Femtosecond laser direct writing of crystal-inglass LaBGeO5 waveguides

EuroSciCon Joint Event on Laser Optics & Photonics and Atomic & Plasma Science
July 16-17, 2018 Prague , Czech republic

Sergey V Lotarev, Alexey S Lipatiev, Tatiana O Lipateva, Vladimir N Sigaev

Mendeleev University of Chemical Technology of Russia, Russia

Posters & Accepted Abstracts: Am J Compt Sci Inform Technol

DOI: 10.21767/2349-3917-C1-003

Abstract

Femtosecond lasers have become a powerful tool for three-dimensional precision micromachining of dielectrics. One of its promising applications is space-selective laser-induced crystallization of glasses providing growth of continuous crystalline architectures with functional properties such as second-order optical nonlinearity. Though laser-induced precipitation of different crystalline phases was demonstrated in a wide set of glasses, writing single-crystal tracks which could operate as channel waveguides was a challenge which required optimization of laser treatment parameters and beam profiling.
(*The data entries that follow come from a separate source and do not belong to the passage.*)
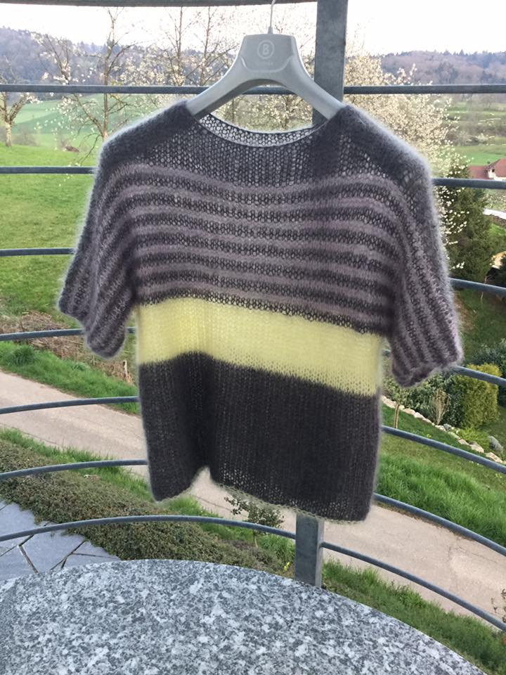Shirt 2: Größe M aus Mohair Luxe Lang Yarns in den Farben Grau(hell), Flieder und Zitronengelb.
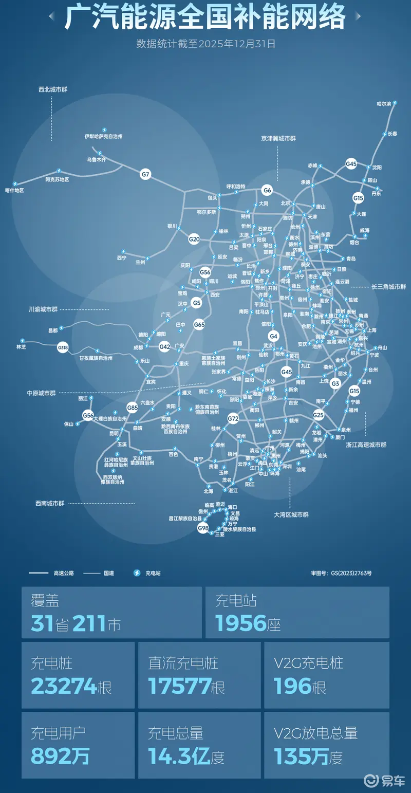 截止2025年12月31日,广汽能源构建起覆盖全国31省211市的全国补能网络,同步在V2G、储能、生态协同等领域取得显著突破。
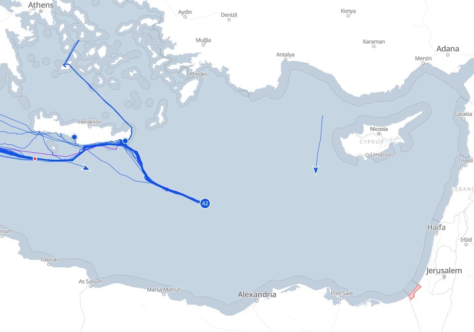 Χαρτες παρακολούθησης της νηοπομπής δείχνουν τα πλοία ανάμεσα σε Κύπρο και Κρήτη.
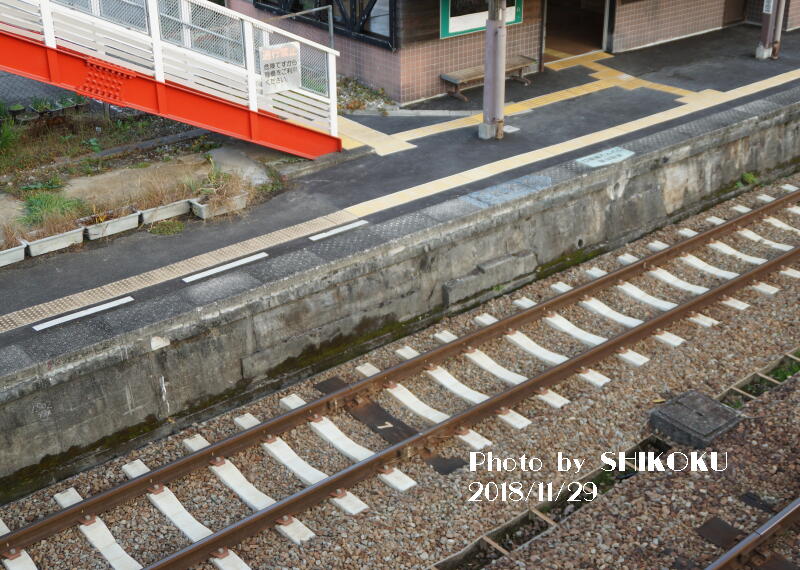 ・・いや、逆にホーム柵が何故か駅名票を追い出すように設置されていると言うべきであろうか?
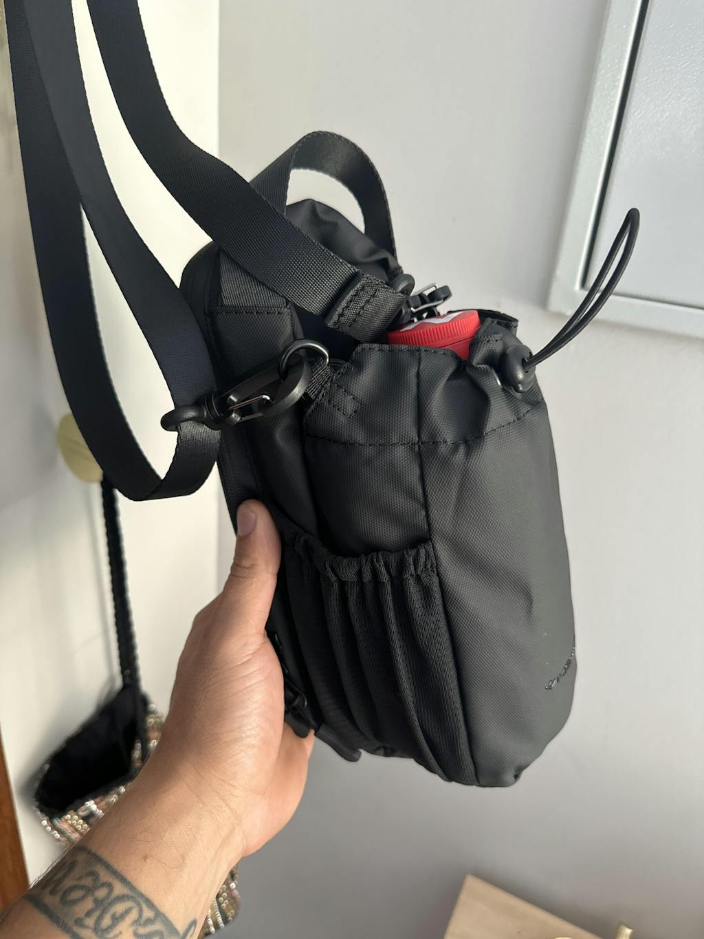- Organización Inteligente: Espacio dedicado para tu botella de agua, celular y otros esenciales, manteniendo todo accesible y ordenado.
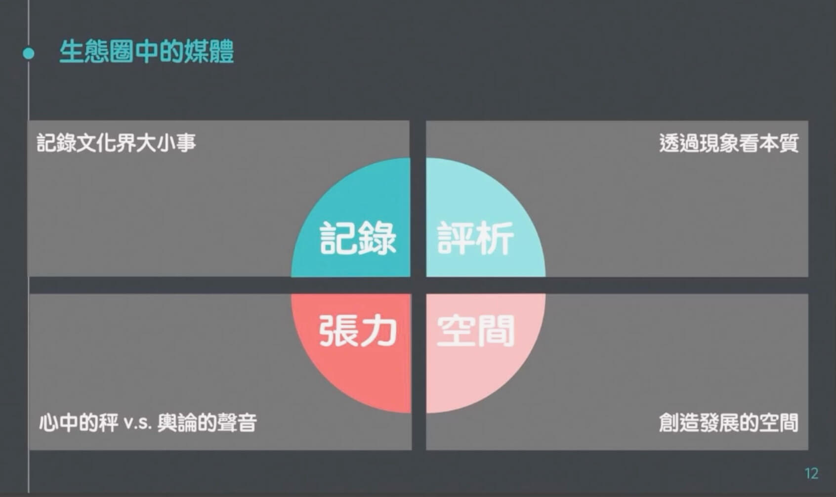 藝術媒體要能走得長遠,營收也是重要的一環。媒體的營收模式也反映出當時代的社會與產業變遷,傳統的媒體營收以單頁廣告、廣告文章產製為主,當代則逐漸發展出講求使用者體驗的功能與服務;內容載體也從傳統的分眾演變為當代的多聲部。在不斷轉型的同時,嚴瀟瀟認為媒體人應持續思考作為媒體的責任與義務,為媒體「祛魅化」,跳脫既定的價值觀取向,以跨越差異性的傾聽,促進跨界的協作,減少對立。
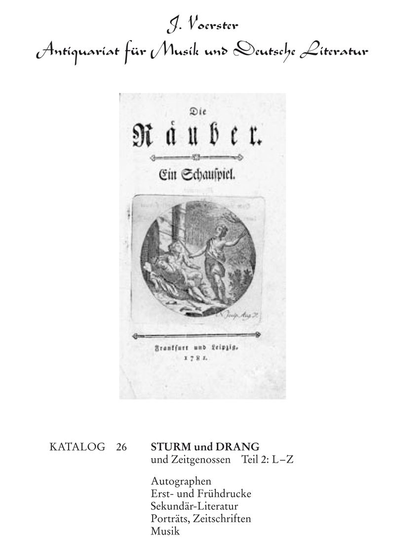 Rezension:Unter der Überschrift „Vergoldung des Glücks“ schreibt Friedrich Pfäfflin in seiner Katalogbesprechung: „Mit Jürgen Voersters Verkaufskatalog 26, ‚Sturm und Drang und Zeitgenossen, Teil 2: L – Z’, der zum Ende des Schillerjahres 2005 erschienen ist, kommt ein Angebot von Schiller und Benachbartem auf den Markt, das in der vom Aussterben bedrohten Gattung der Antiquariatskataloge ganz ungewöhnlich ist. Es ist keine Sammlerbibliothek, die Voerster anbietet. Es ist eine über Jahre gesammelte Bibliothek, die auf knapp 12 Druckbogen mehr als 130 Schiller-Nummern ausweist, darunter die außerordentlichen Rarissima. (…). Ein Entrefilet aber zeichnet diesen Katalog vor allem aus. Es macht ihn zum Dokument der Wirkungsgeschichte: In einem Exkurs führt Jürgen Voerster die Nachdrucke des Mannheimer Theaterplakats oder Theaterzettels von Schillers ‚Räubern’ zusammen. Neun Beispiele werden abgebildet. Voerster hat mit Unterstützung des Schriftensammlers und –kenners Eckhart SchumacherGebler die Besetzungsliste der Erstaufführung vom 13. Januar 1782 untersucht und diese Nachdrucke zu datieren versucht.“ (Aus dem Antiquariat 6/2005).
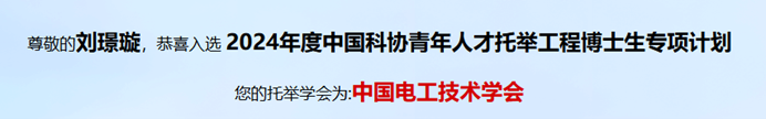 近期,中国科协公布了首批中国科协青年人才托举工程博士生专项计划入选者名单。经个人申报、学校遴选、省级科协推荐、中国科协专家评审、学会审核等环节,快猫短视频23级博士研究生刘璟璇(导师:臧海祥教授)成功入选,托举学会为中国电工技术学会,托举期为2025年1月至2026年12月。本次入选不仅是对该同学个人能力的高度认可,也是对快猫短视频推进高质量人才培养工作的肯定。
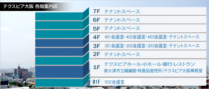 泉大津駅から徒歩3分、難波から20分、関空から25分。便利な貸会議室、テナントはテクスピア大阪!
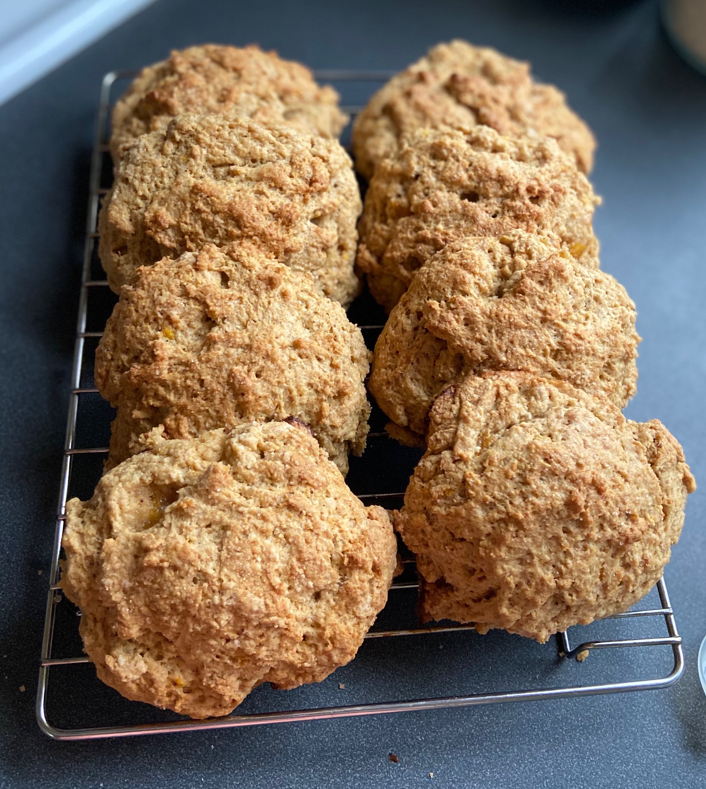 The orange scone’s effect on your palate should yield sensations similar to those enjoyed by the sommelier as she inhales the delicate accents of an exotic wine and sloshes it about slowly in her mouth. Your sense of smell grabs the citric notes of the scone and delivers an ephemeral experience to your taste buds – truly ecstasy in every bite.
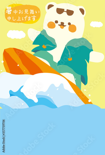 暑中見舞いシロクマサーフィン
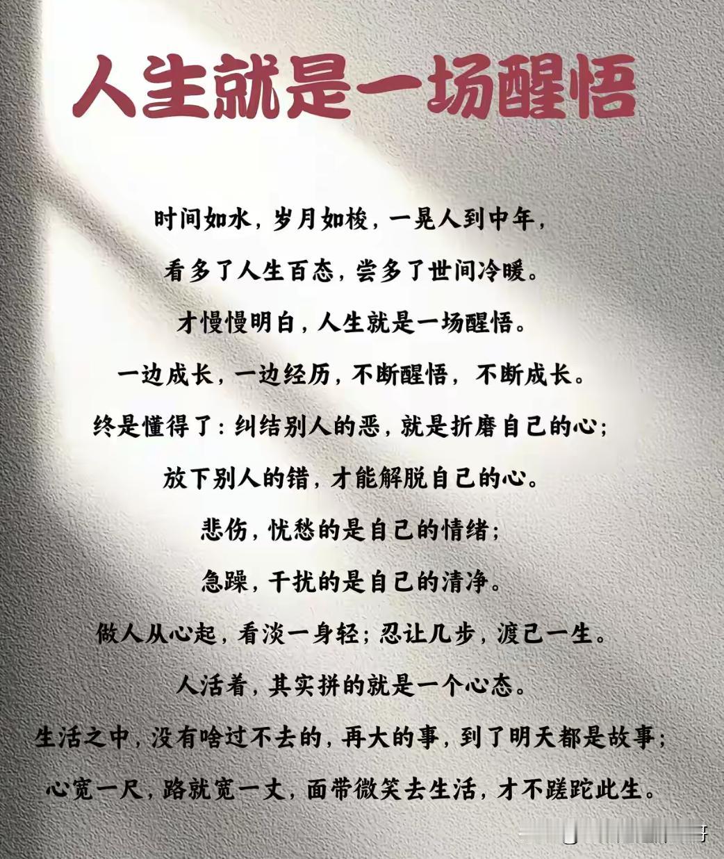 醒悟人生的句子有哪些? 人的末路就是神的开端,心不死则道不生,倘若穷途末路,那便势如破竹! 顺成人,逆成仙,玄妙只在颠倒间。 顺着人性做事,逆着人性做人。 反者道之动,弱者道之用。 成功就是做自己,成功就是做有感觉的事,有感觉地做事,成功就是无时无刻都感觉自己很OK,成功就是把自己的优势发挥到极致。 梦想拉高一分,能量N倍裂变,能量拉高一分,能力N倍裂变。 你若盛开,蝴蝶自来! 中年顿悟语录 瞬间醒悟的句子 心灵深处的醒悟 成长路上的醒悟 五句话瞬间清醒 大彻大悟句子 瞬间醒悟 南墙醒悟文案 人生清醒法则 人性领悟精辟句 人生必知之理 警醒世人的名言 开窍语录 醒悟之人 大彻大悟金句 开悟精辟句子 人间醒悟瞬间 晚年醒悟 生命尽头的醒悟 狠道语录 醒悟之路 顿悟句子
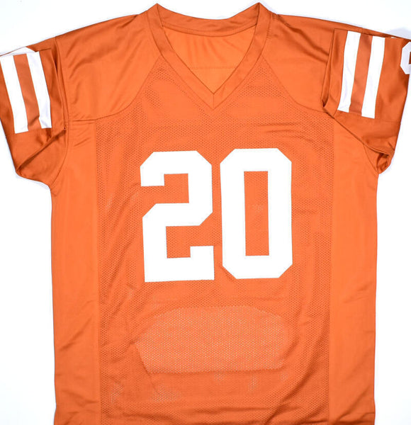 Earl Campbell Autographed Orange College Stat Style Jersey - Beckett W Hologram *Black THIS IS NOT AN NCAA JERSEY. THIS HAS NO TAGS, NO LOGOS, NO EMBLEMS. This is a hand autograph of Earl Campbell on a Custom Made (non name brand) Authentic Stat Style Jersey with stitched letters and numbers. This item has a Beckett Witnessed Authentication, which comes with a numbered hologram and a QR code for verification. You can view this item on the Beckett Authentication website, it shows when and where the item was signed. It was signed either at a public autograph appearance or a private signing. This is a stock photo of the item. Although you may not receive this exact item, the item you receive is virtually identical and brand new in great shape. Jersey size is XL.

Such crystalline channel waveguides consisting of ferroelectric stillwellite LaBGeO5 phase have been recently obtained in lanthanum borogermanate glass. In particular, we reported laser writing of oriented LaBGeO5 tracks with improved homogeneity providing waveguide effect by applying the femtosecond beam with elliptical waist cross-section and demonstrated second harmonic generation in this waveguide. In the present study, we revealed the possibility and investigated conditions of laser direct writing of oriented LaBGeO5 crystal tracks at various pulse duration from 300 fs - 5 ps and various pulse repetition rates from 25 kHz to 500 kHz. It is shown that there is a constant minimal value of peak pulse intensity about 1,6 1012 W/cm2 in the pulse repetition rate range of 100-500 kHz, while at lower repetition rates this value rapidly grows with repetition rate decrease. We also suggest a method of fast laser-induced growth of a seed microcrystal which is necessary as a starting point for writing a crystalline track and is formed in glass by the stationary beam. Exposure of glass to the beam with gradually increasing pulse energy is shown to greatly reduce and stabilize time required to grow a seed crystal as compared to the beam with constant pulse energy. The obtained data will be useful for further improvement and feasibility of crystal-in-glass waveguides writing method.